#### [How to complete this task]
The answer must be the full data, restated word for word, with no pictures in it.

#### [Dataset section]
- - -
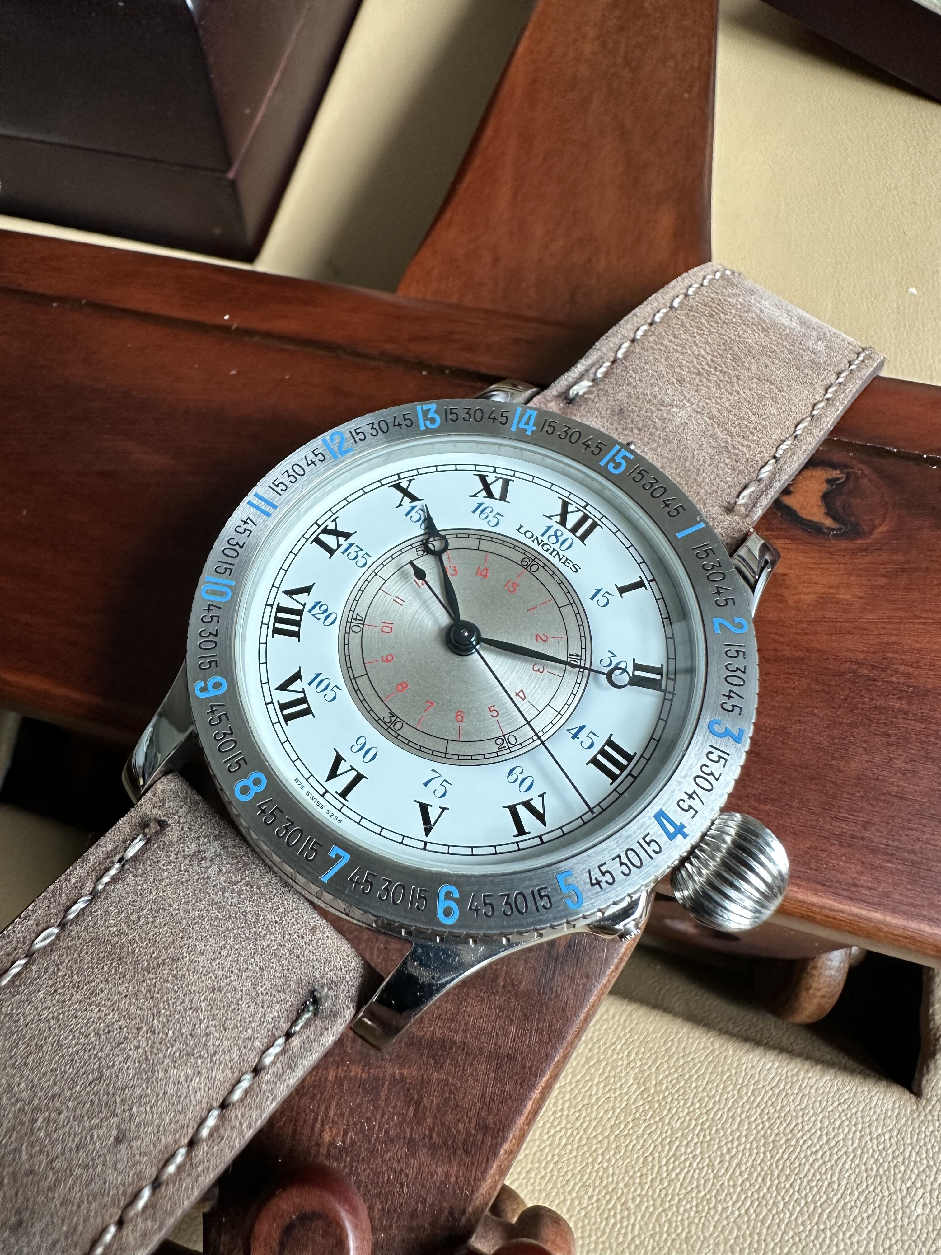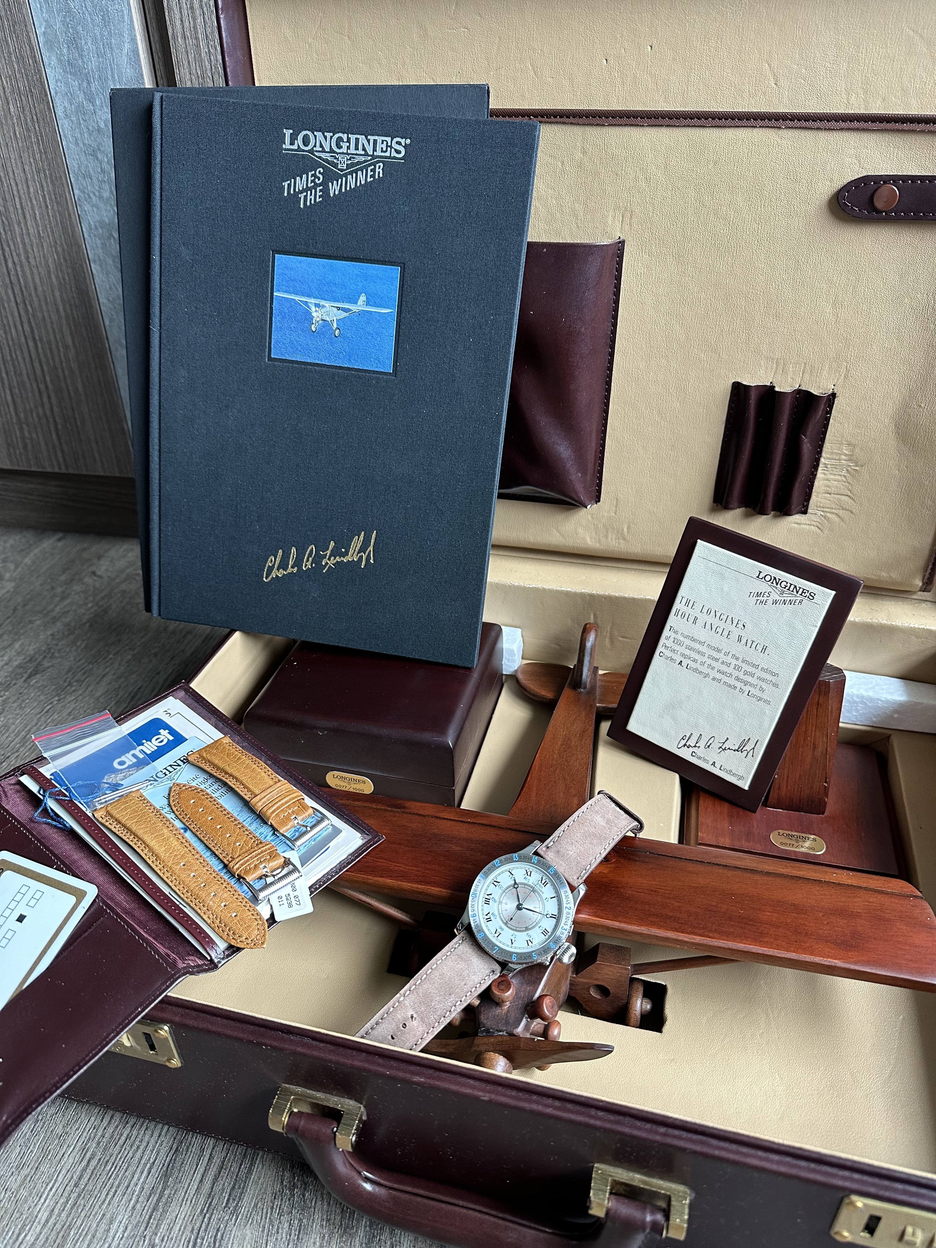 Probably one of the most impressive presentation for a watch, this is the first Limited Edition Lindbergh reissue made by Longines with a true vintage pocket watch caliber, L 878.4. This set is super impressive, comes with everything untouched, from unworn straps, strap extender with hang tags, all hang tags like new, warranty for the leather briefcase made by Amiet (reputable Swiss manufacturer for briefcase in the past), leather briefcase with customised layout for this watch, no. 77 wooden box, no. 77 replica wooden display plane that Lindbergh flew in, a plaque, and a numbered 77 book! Of cos the massive 47mm original sized numbered 77 Lindbergh watch. Everything is as complete as it is when new, watch is so mint that it can pass as NOS.
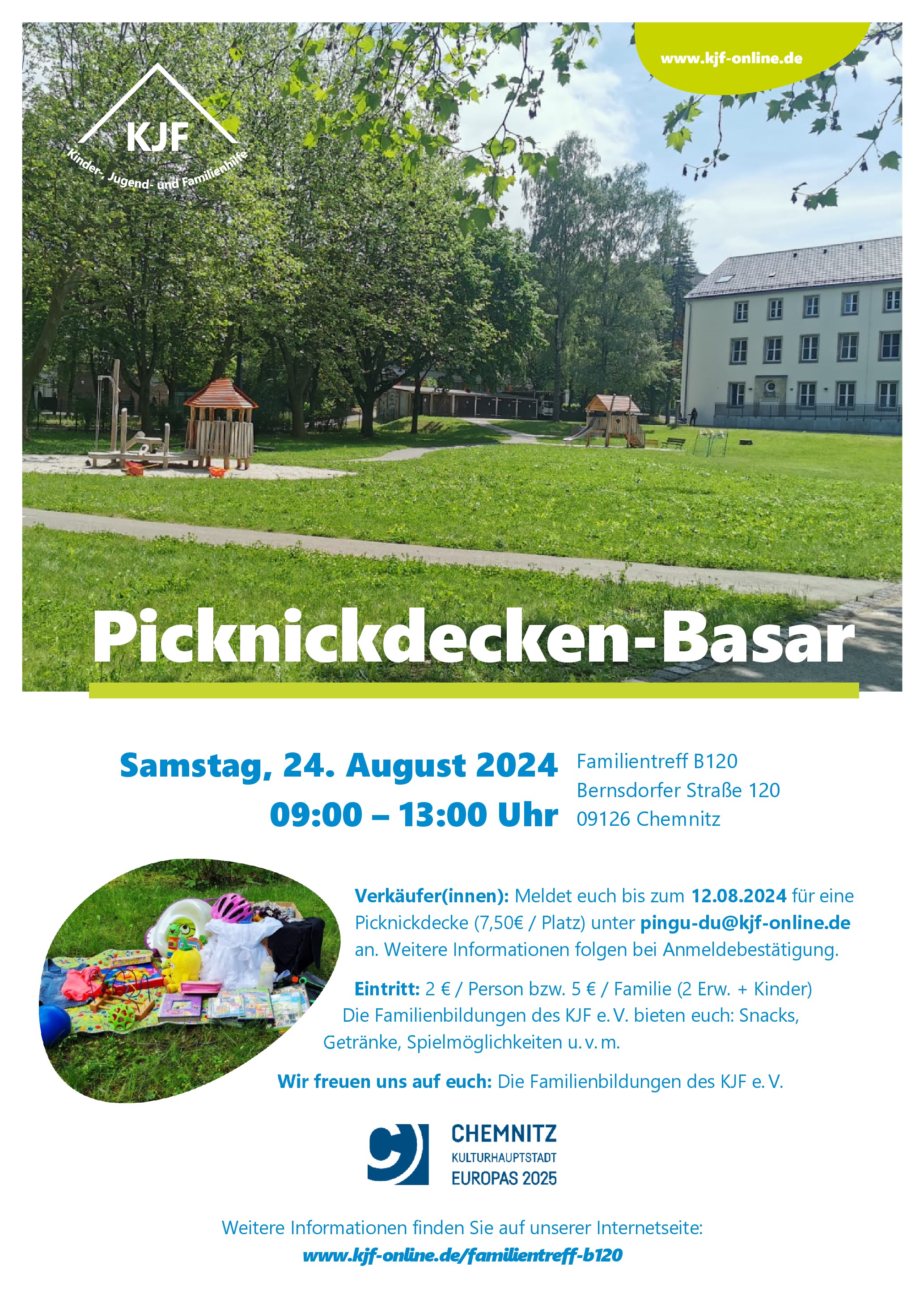 ,,Mit Familien – Für Familien." Nach diesem Motto findet unser ersten Picknickdecken-Basar im Familientreff B120 statt. Die Familienbildungen des KJF e.V. bieten euch Snacks, Getränke, Spielmöglichkeiten und weiteres.
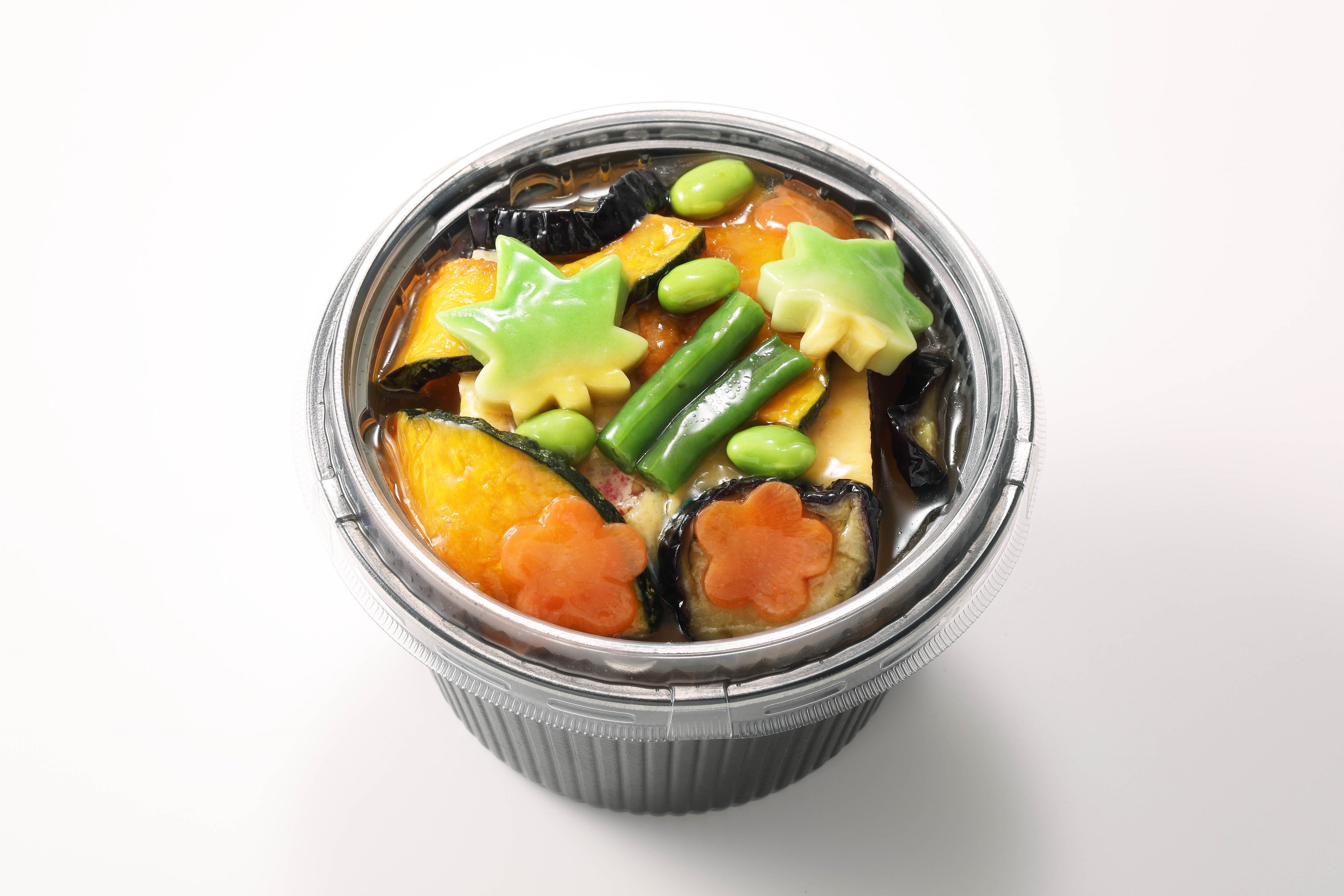 2種類のだし巻に夏野菜を添え、たっぷりのお出しあんをかけました。
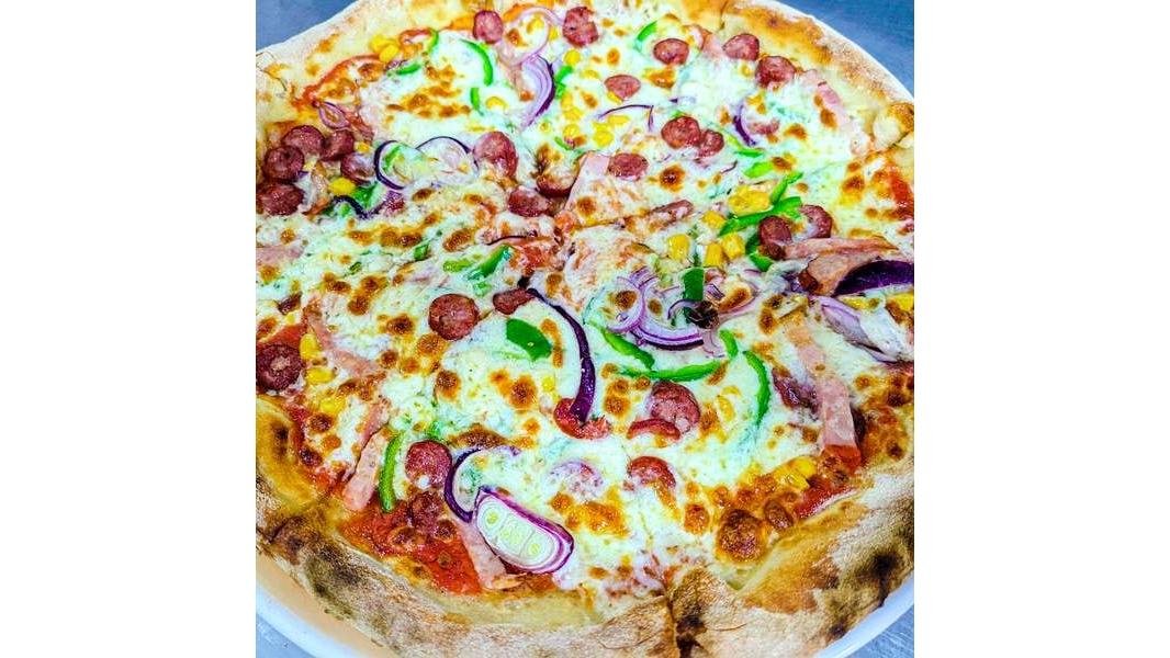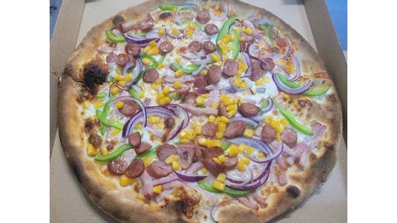 Bacon, cârnați, ceapă roșie, porumb, ardei gras, mozzarella, sos de roșii - 450g
- - -
#### [Exercise solution]
 Probably one of the most impressive presentation for a watch, this is the first Limited Edition Lindbergh reissue made by Longines with a true vintage pocket watch caliber, L 878.4. This set is super impressive, comes with everything untouched, from unworn straps, strap extender with hang tags, all hang tags like new, warranty for the leather briefcase made by Amiet (reputable Swiss manufacturer for briefcase in the past), leather briefcase with customised layout for this watch, no. 77 wooden box, no. 77 replica wooden display plane that Lindbergh flew in, a plaque, and a numbered 77 book! Of cos the massive 47mm original sized numbered 77 Lindbergh watch. Everything is as complete as it is when new, watch is so mint that it can pass as NOS.
 ,,Mit Familien – Für Familien." Nach diesem Motto findet unser ersten Picknickdecken-Basar im Familientreff B120 statt. Die Familienbildungen des KJF e.V. bieten euch Snacks, Getränke, Spielmöglichkeiten und weiteres.
 2種類のだし巻に夏野菜を添え、たっぷりのお出しあんをかけました。
 Bacon, cârnați, ceapă roșie, porumb, ardei gras, mozzarella, sos de roșii - 450g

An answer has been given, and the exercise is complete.